Crabb’s proposals were poorly thought-out, had little coherence and convinced no-one. His only achievement was to unite True Wales and Plaid Cymru. But his belated recognition of this is to be welcomed. I assume his announcement on the reductions in reservations, the abolition of the necessity test, his commitment to look again at ministerial consents and the establishment of a group to look at the issue of the legal jurisdiction along with his enforced “pause” for further thought will all receive a widespread welcome. And we must all recognise that this retreat is one which will allow further debate and discussion. And that is also a good thing.

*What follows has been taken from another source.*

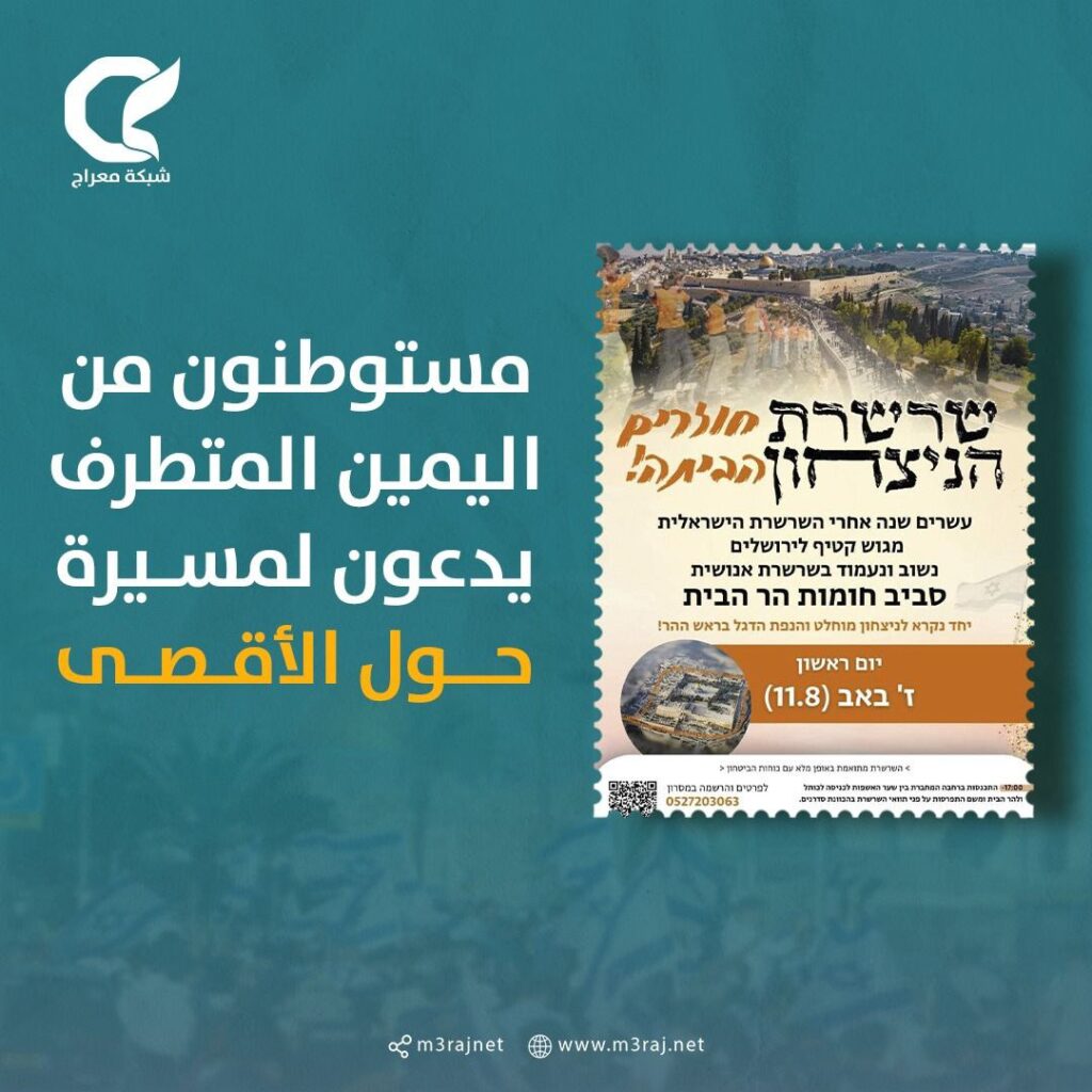 كما دعت “جماعات الهيكل المزعوم” أنصارها للمشاركة في أكبر اقتحام للمسجد الأقصى المبارك إحياء للذكرى المزعومة يوم الثلاثاء المقبل.

However this is only half the story.

We are in this unsatisfactory situation because the Secretary of State made grandiose statements which he did not follow up with a robust and open process. Had he involved both the Welsh Government and the National Assembly as well as a broad section of Welsh society then he would not have been in this sad position today.

The new bill must be made-in-Wales and not simply presented to Wales.

The Secretary of State would now be well-advised to create a convention (on which he has been pressed for some time) or at least a joint Assembly-Parliamentary body to review and agree a new bill before its introduction. The Welsh Affairs Select Committee and the Assembly’s Constitutional and legislative Affairs Committee have both examined the bill and held a successful joint meeting. That model may be a good model to keep in mind either for a meeting before dissolution or to be revived once the new Assembly is elected on May 5th. By doing so and achieving a broad cross-party consensus the new bill would have a degree of legitimacy that the draft bill has failed to command. And it would at least help keep the trouble-makers quiet.

By creating this new consensus – and there is a broad consensus over many matters – then the Secretary of State will be able to proceed to legislate in good time and with goodwill restored. But he must also recognise that demanding a referendum over the somewhat obscure matter of the jurisdiction whilst at the same time rejecting the need for a referendum on tax powers is not something which has any credibility or intellectual coherence. Best put in the same bin as the necessity test.

And neither is it acceptable that the provisions of this bill will sit on the Statute Book for two or three or four years until 2021 before being commenced. All provisions should be enacted and commenced with no such delay. In Scotland there is an election taking place with powers that were announced, debated, enacted and commenced in less than two years. It is simply not acceptable that in Wales we need to wait at least five years for far fewer powers. And this will mean that the new powers on elections and structures will not be available until the 2026 election – a full decade after they were announced.

If the Secretary of State is able to recognise that there are many of us in all parties who wish to move from a decades-long debate on the constitution and want to focus on the major social and economic issues facing the country then he will achieve his ambition of a robust, stable and long-lasting settlement. However I believe that many of us will not simply agree to any settlement and will not feel well-disposed to a bill which is made in Whitehall for Whitehall and not made in Wales and for Wales. However we are, this evening, closer to a potential settlement than we were this morning. Crabb has recognised, as did John Morris, that there was an elephant on his doorstep. Back in 1979 that was the end of it. The people had spoken. And had spoken in primary colours.

Today in a much different and changed world the message is also different but in some ways is unchanging. Constitutional change cannot be either forced or imposed. By working together the changes that most people agree are needed, can be made, and made with consent and support. It is now a matter for the Secretary of State to reach out and to work with Wales.